We provide distribution-dependent guarantees in the MDL regime, that scale with suboptimality gaps and result in superior dependence on the sample size.
We devise an adaptive optimistic algorithm, LCB-DR, that showcases enhanced dependence on the gaps, mirroring the contrast between uniform and optimistic allocation in the multi-armed bandit literature.
- Score: 26.38831409926518
- License: http://arxiv.org/licenses/nonexclusive-distrib/1.0/
- Abstract: To address the needs of modeling uncertainty in sensitive machine learning
applications, the setup of distributionally robust optimization (DRO) seeks
good performance uniformly across a variety of tasks.

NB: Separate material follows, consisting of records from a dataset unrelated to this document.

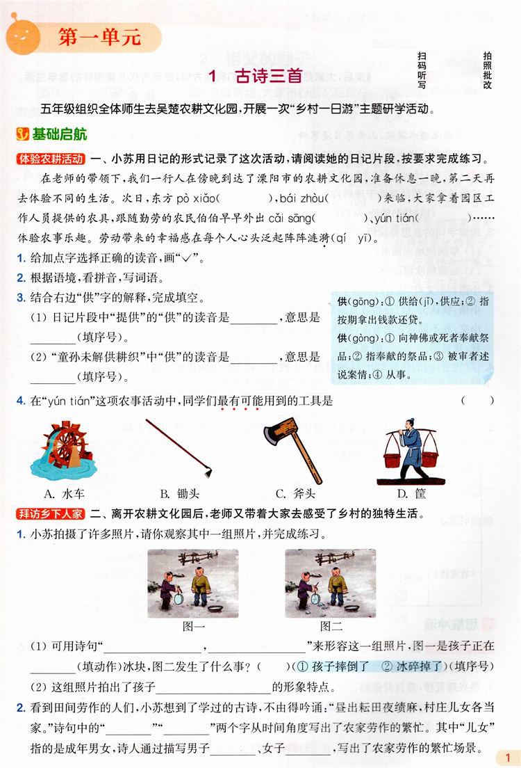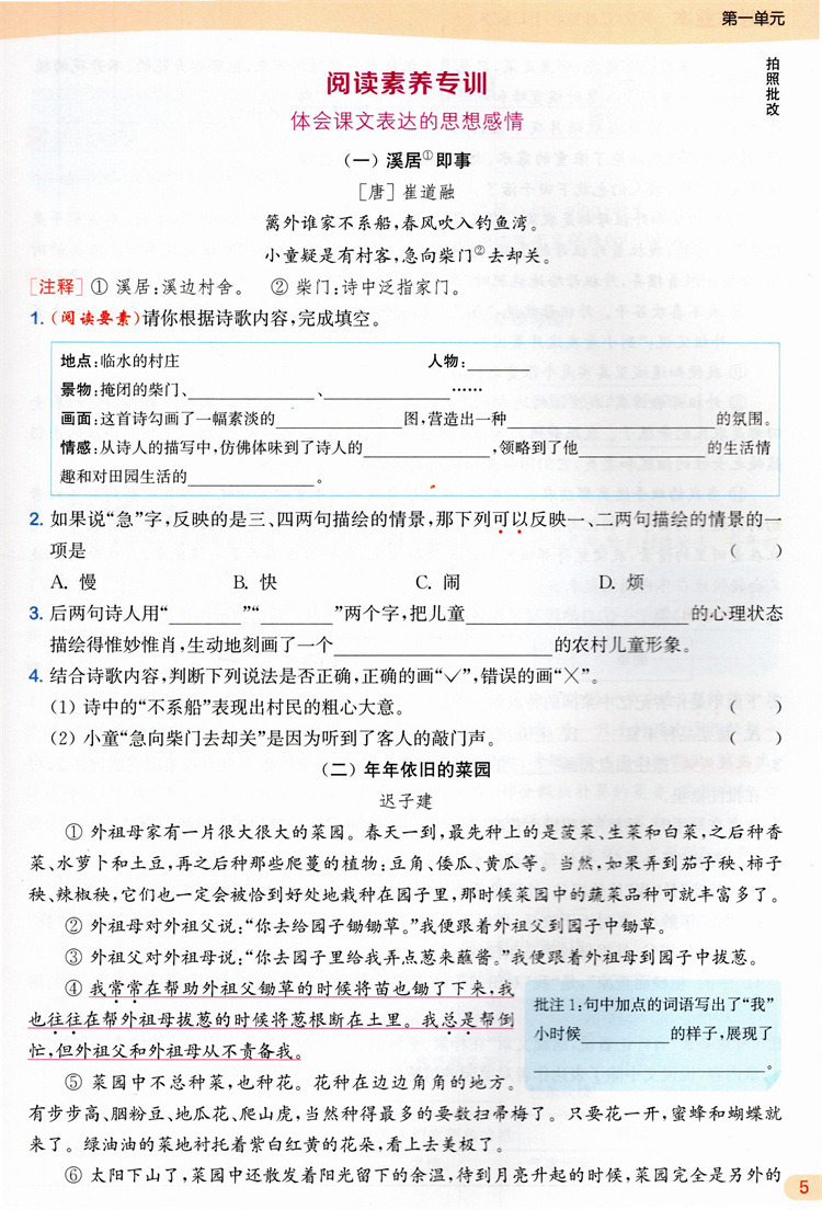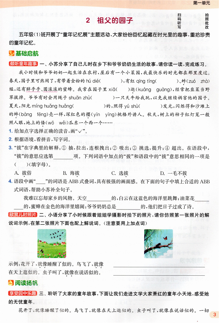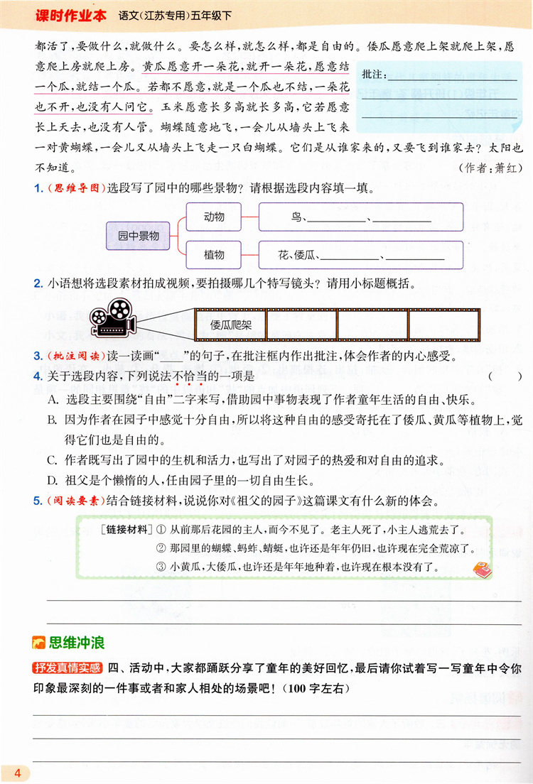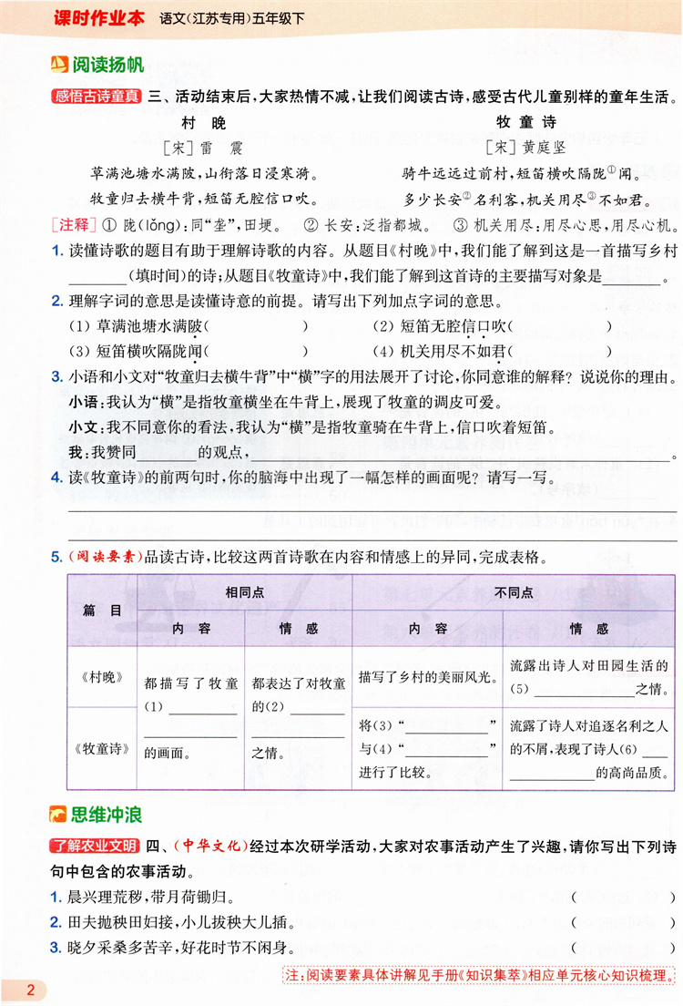 2026年春 语文课时作业本5下 配人教部编版 五年级下册小学同步教辅
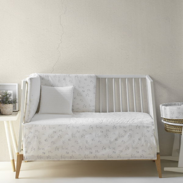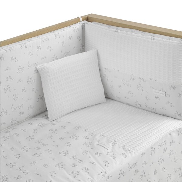 Juego de dos piezas para vestir la cuna, compuesto por una colcha para invierno y verano más un protector, e incluye un bonito cojín bordado. La colcha, diseñada para vestir la cuna, brinda protección contra el frío actuando como una manta o una funda nórdica. Gracias a su relleno desmontable, es una prenda versátil que puede utilizarse tanto en invierno como en verano, y además, se puede lavar con facilidad. El protector, confeccionado con un tejido acolchado con fibra hueca, ayuda a amortiguar posibles golpes del bebé contra la cuna.
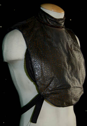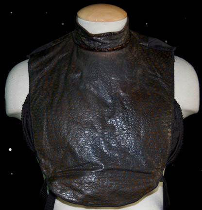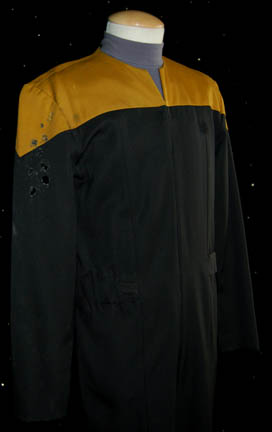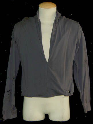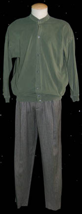 Description: A lot of costumes and costume items featured in various episodes of Star Trek: Voyager. This lot consists of costumes and aspects of costumes for wear by Tim Russ predominantly in the role of the “Voyager” Chief of Security “Lt. Commander Tuvok; a distressed, black, Starfleet uniform jumpsuit featuring Operations Gold division colors around the shoulders, Velcro patch for a commbadge (not included), hoops at the waist for tools, a zip down the front, and an equally distressed, long-sleeved, blue-gray undershirt. Three further sleeveless blue-gray undershirts, matching shorts, a sleeveless, sheer shirt, gray and black speckled trousers, a long-sleeved, button-down, olive-green shirt believed to be the one worn in the two-part episode “Future’s End; a knee-high pair of black leather boots with further leather straps and buckles around them from the episode “Resistance”, a brown, faux reptile skin-patterned vinyl dickie with padding sewn on the chest portion either from the role of “T’Kar” in “Invasive Procedures” or “Mirror Tuvok” from “Through the Looking Glass”. There appear to be sewn in tags or other labels in every item, including the boots that denotes wear by Tim Russ either in Voyager or Deep Space Nine.
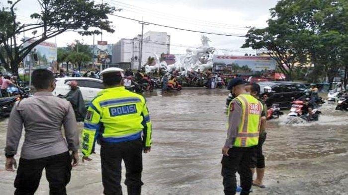 Dansat Brimob Polda Kaltim, Kombes Pol Andy Rifai mengatakan, jalanan di beberapa titik Kota Balikpapan yang digenangi membuat kendaraan menumpuk yang mengakibatkan kemacetan.
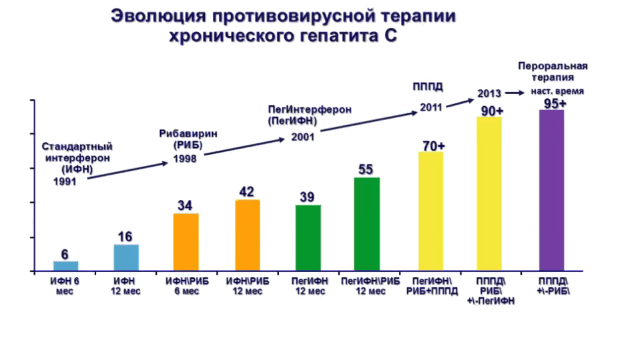 С появлением рибавирина и пегилированных интерферонов, эффективность лечения составила 55% — 60%. Следующим этапом стало появление тройной терапии, включающей два противовирусных препарата в комбинации с интерфероном. Эффективность возросла еще больше и составила около 70-75%.

The recent
multi-distribution learning (MDL) framework tackles this objective in a dynamic
interaction with the environment, where the learner has sampling access to each
target distribution. Drawing inspiration from the field of pure-exploration
multi-armed bandits, we provide distribution-dependent guarantees in the MDL
regime, that scale with suboptimality gaps and result in superior dependence on
the sample size when compared to the existing distribution-independent
analyses. We investigate two non-adaptive strategies, uniform and non-uniform
exploration, and present non-asymptotic regret bounds using novel tools from
empirical process theory. Furthermore, we devise an adaptive optimistic
algorithm, LCB-DR, that showcases enhanced dependence on the gaps, mirroring
the contrast between uniform and optimistic allocation in the multi-armed
bandit literature.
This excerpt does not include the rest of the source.